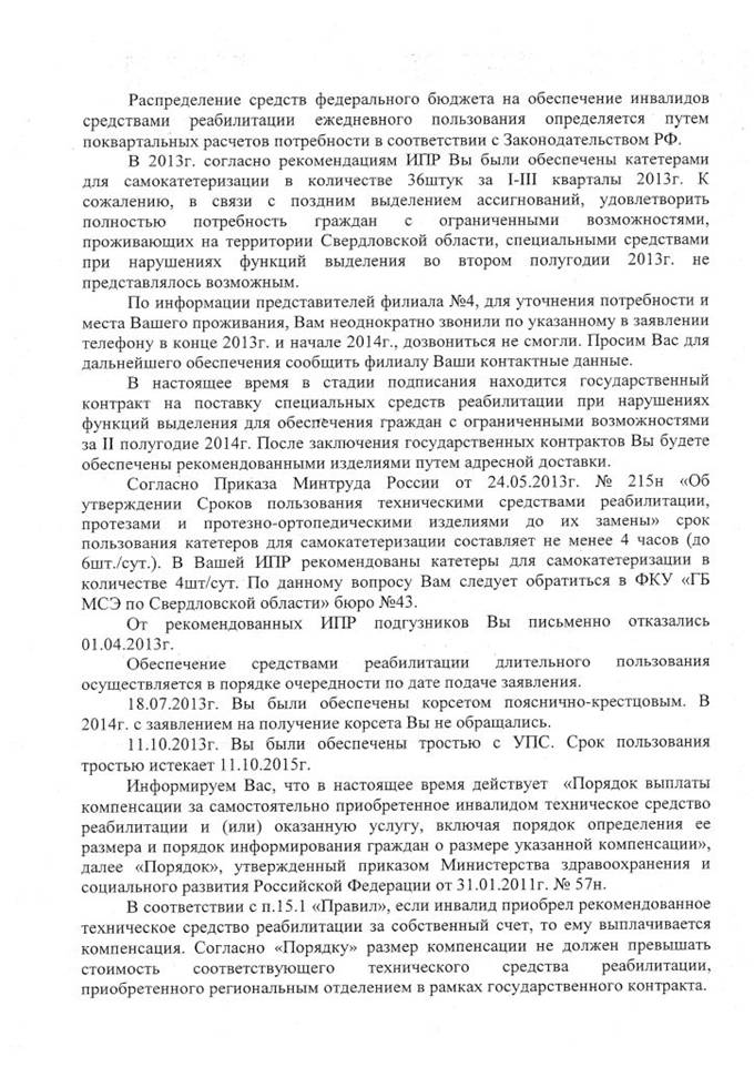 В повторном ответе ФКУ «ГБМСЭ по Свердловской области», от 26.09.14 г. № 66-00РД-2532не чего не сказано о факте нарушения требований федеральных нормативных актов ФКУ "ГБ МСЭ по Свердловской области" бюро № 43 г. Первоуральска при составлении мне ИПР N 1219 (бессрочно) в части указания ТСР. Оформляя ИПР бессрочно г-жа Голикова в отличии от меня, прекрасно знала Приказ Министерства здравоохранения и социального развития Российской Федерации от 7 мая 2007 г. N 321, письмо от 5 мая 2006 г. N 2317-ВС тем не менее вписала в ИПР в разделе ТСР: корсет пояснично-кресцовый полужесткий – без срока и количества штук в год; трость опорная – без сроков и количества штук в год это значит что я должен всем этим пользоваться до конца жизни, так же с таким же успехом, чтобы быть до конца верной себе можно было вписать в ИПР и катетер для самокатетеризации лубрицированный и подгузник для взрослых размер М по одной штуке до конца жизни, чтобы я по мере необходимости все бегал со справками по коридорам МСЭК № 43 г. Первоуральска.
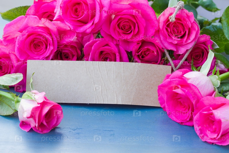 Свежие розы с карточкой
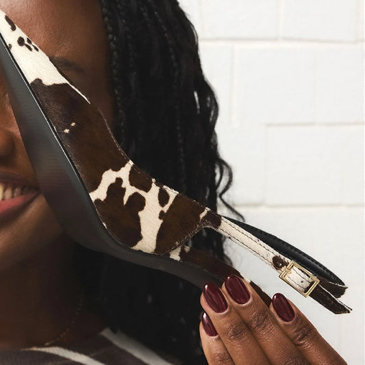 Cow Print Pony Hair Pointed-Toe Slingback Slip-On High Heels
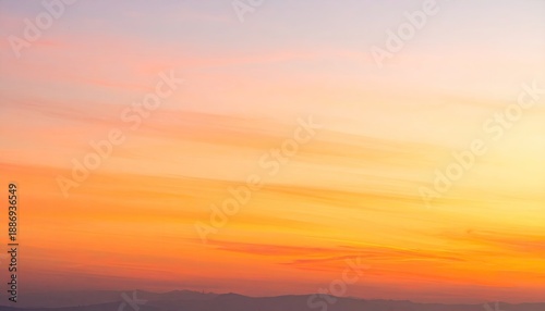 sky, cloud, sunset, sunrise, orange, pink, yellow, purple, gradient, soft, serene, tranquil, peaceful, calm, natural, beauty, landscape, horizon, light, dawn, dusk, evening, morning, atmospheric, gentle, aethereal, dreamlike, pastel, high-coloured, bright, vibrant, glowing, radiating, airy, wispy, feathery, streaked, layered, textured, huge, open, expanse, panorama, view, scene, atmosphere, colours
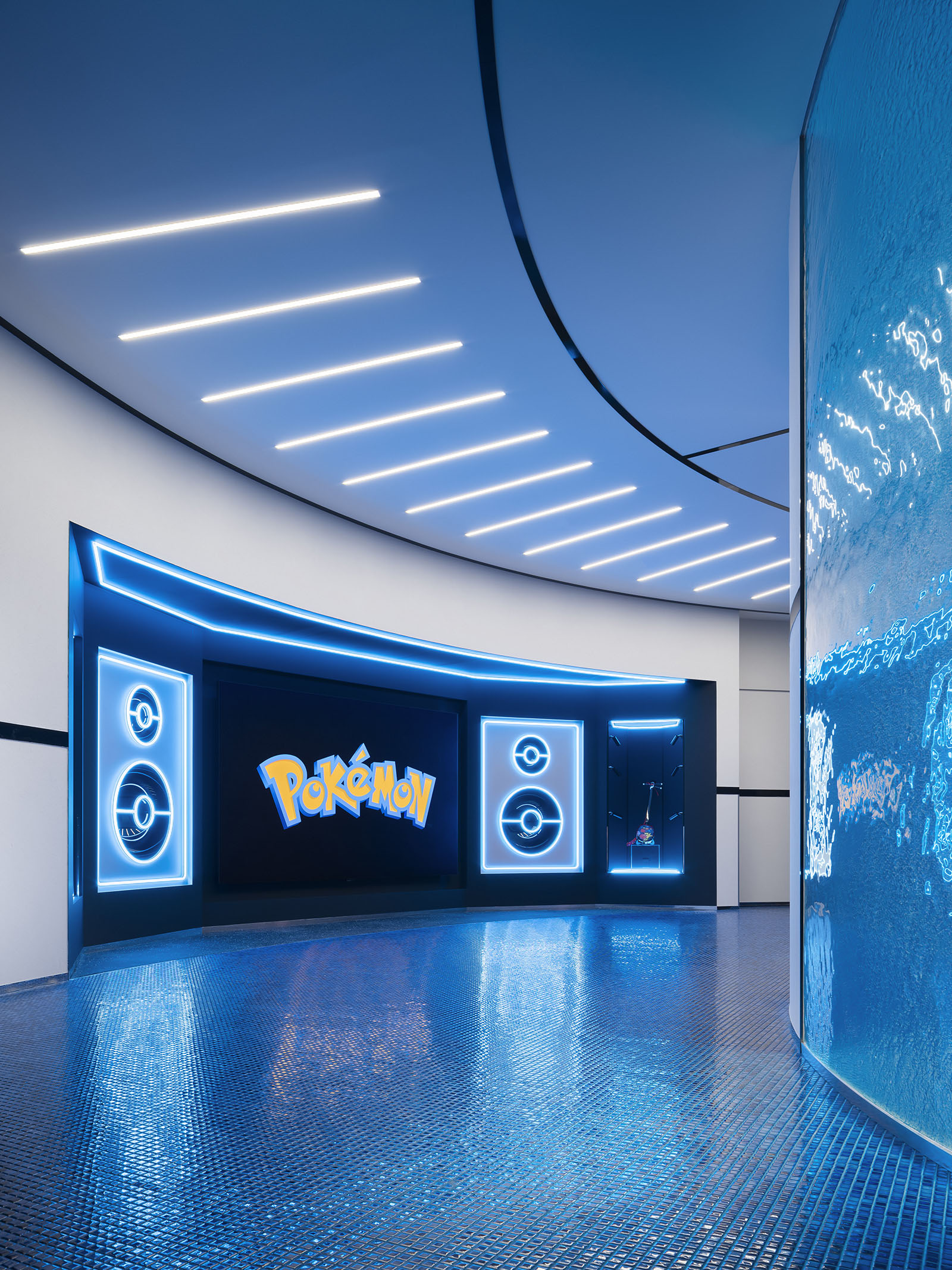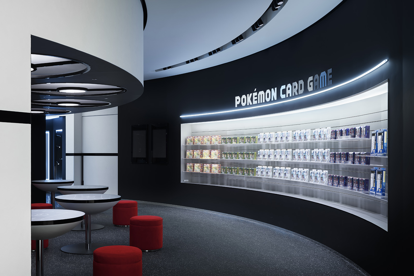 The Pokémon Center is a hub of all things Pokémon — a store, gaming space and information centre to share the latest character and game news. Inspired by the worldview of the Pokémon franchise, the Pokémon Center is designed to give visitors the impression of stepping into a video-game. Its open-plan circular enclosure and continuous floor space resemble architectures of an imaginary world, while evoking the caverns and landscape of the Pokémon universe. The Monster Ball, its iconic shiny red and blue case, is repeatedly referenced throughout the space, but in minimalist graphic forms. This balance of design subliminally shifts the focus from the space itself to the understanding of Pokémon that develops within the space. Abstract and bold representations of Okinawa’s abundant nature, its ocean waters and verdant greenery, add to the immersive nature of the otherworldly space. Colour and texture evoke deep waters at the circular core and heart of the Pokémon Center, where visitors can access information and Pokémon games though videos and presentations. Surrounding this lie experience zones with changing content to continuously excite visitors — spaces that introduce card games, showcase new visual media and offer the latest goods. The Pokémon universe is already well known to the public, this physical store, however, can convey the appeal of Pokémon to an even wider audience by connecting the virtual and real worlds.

* Exercise goal
Exactly as they stand, set down all of the entries above, minus every picture.

* Answer area
 В повторном ответе ФКУ «ГБМСЭ по Свердловской области», от 26.09.14 г. № 66-00РД-2532не чего не сказано о факте нарушения требований федеральных нормативных актов ФКУ "ГБ МСЭ по Свердловской области" бюро № 43 г. Первоуральска при составлении мне ИПР N 1219 (бессрочно) в части указания ТСР. Оформляя ИПР бессрочно г-жа Голикова в отличии от меня, прекрасно знала Приказ Министерства здравоохранения и социального развития Российской Федерации от 7 мая 2007 г. N 321, письмо от 5 мая 2006 г. N 2317-ВС тем не менее вписала в ИПР в разделе ТСР: корсет пояснично-кресцовый полужесткий – без срока и количества штук в год; трость опорная – без сроков и количества штук в год это значит что я должен всем этим пользоваться до конца жизни, так же с таким же успехом, чтобы быть до конца верной себе можно было вписать в ИПР и катетер для самокатетеризации лубрицированный и подгузник для взрослых размер М по одной штуке до конца жизни, чтобы я по мере необходимости все бегал со справками по коридорам МСЭК № 43 г. Первоуральска.
 Свежие розы с карточкой
 Cow Print Pony Hair Pointed-Toe Slingback Slip-On High Heels
 sky, cloud, sunset, sunrise, orange, pink, yellow, purple, gradient, soft, serene, tranquil, peaceful, calm, natural, beauty, landscape, horizon, light, dawn, dusk, evening, morning, atmospheric, gentle, aethereal, dreamlike, pastel, high-coloured, bright, vibrant, glowing, radiating, airy, wispy, feathery, streaked, layered, textured, huge, open, expanse, panorama, view, scene, atmosphere, colours
 The Pokémon Center is a hub of all things Pokémon — a store, gaming space and information centre to share the latest character and game news. Inspired by the worldview of the Pokémon franchise, the Pokémon Center is designed to give visitors the impression of stepping into a video-game. Its open-plan circular enclosure and continuous floor space resemble architectures of an imaginary world, while evoking the caverns and landscape of the Pokémon universe. The Monster Ball, its iconic shiny red and blue case, is repeatedly referenced throughout the space, but in minimalist graphic forms. This balance of design subliminally shifts the focus from the space itself to the understanding of Pokémon that develops within the space. Abstract and bold representations of Okinawa’s abundant nature, its ocean waters and verdant greenery, add to the immersive nature of the otherworldly space. Colour and texture evoke deep waters at the circular core and heart of the Pokémon Center, where visitors can access information and Pokémon games though videos and presentations. Surrounding this lie experience zones with changing content to continuously excite visitors — spaces that introduce card games, showcase new visual media and offer the latest goods. The Pokémon universe is already well known to the public, this physical store, however, can convey the appeal of Pokémon to an even wider audience by connecting the virtual and real worlds.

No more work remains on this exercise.